In 2010, after a reported five years in development, a malicious computer worm called Stuxnet was deployed against Iran’s nuclear program, targeting SCADA systems to damage uranium enrichment processes. The deployment of this cyberweapon set the stage for the direct disruption of industrial processes.
Fast forward to November 2015, when ESET investigated a set of unique cyberattacks by the BlackEnergy group targeting Ukrainian news media companies with destructive KillDisk malware that made systems unbootable. This campaign was followed in December of that year with another KillDisk variant delivered to electricity distribution companies that appeared to contain functionality to sabotage specific industrial control systems. The BlackEnergy operators caused a 4-6 hour power outage for around 230,000 people in the Ivano-Frankivsk region of Ukraine on December 23rd, 2015. This was the first time in history that a cyberattack was known to disrupt an electrical distribution system.
A year on, in what was widely regarded as a weapons test, ESET research picked up new malware that we named Industroyer. The researchers discovered that Industroyer was capable of speaking several industrial communication protocols that are used worldwide in critical infrastructure systems for power supply, transportation control, water, and gas. Because these protocols were developed decades ago and were intended for use in offline systems, security was far from the foremost consideration in their design.

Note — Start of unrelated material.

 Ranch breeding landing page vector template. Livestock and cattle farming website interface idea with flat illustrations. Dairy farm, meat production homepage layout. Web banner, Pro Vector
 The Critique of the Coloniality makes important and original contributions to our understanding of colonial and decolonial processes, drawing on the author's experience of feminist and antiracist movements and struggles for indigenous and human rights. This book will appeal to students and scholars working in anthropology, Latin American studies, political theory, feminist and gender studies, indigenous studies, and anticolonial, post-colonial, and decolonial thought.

Thus, once Industroyer achieved access to systems running these protocols, it became a simple matter to directly control the electricity substation switches and circuit breakers and turn off the power. The result was a significant power outage in Kiev, Ukraine.

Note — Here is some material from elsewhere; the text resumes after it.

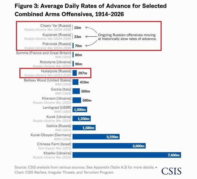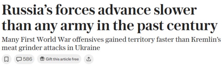 Western publications are now even mocking Russia as having the slowest advance in hte history of warfare:

Although it was no simple task for Industroyer’s operators to learn the language of industrial control systems, designed to be isolated from the outside world, older and modern protocols now connected to the digital sphere are more at risk without better implementation of security by design. Ultimately, a broader palette of threats, tactics and techniques exist to infiltrate, persist within, and damage almost any and all power or energy systems when connected online.
Before the Ukraine crisis we had already seen increased activity and potency by ransomware groups and state actors targeting critical national infrastructure and its supply chain for extortion, disruption, cyberespionage. With an ongoing war on the border of the EU and the EU at odds with the Russian leadership (and its supporters elsewhere) there is a heightened risk of spillover with enhanced attacks in the so-called “grey zone” in retaliation for the EU’s stance in this conflict.
Securing energy security
Enjoying the wonders of technology means enjoying a green and safer environment. And despite all difficulties, we can see some efforts being made. Policymakers are now more engaged on working with the scientific community on climate change and with cybersecurity specialists to ensure that progress continues for the generations to come.
And, while nothing at the scale of Industroyer has been seen since, other events like last summer’s Colonial Pipeline attack in the US keep reminding us of the urgency to step up our response capacity. It is important to keep in mind that ransomware and other threats on critical infrastructure like drinking water reservoirs, railways or even on airplanes are a danger we can work on to avoid.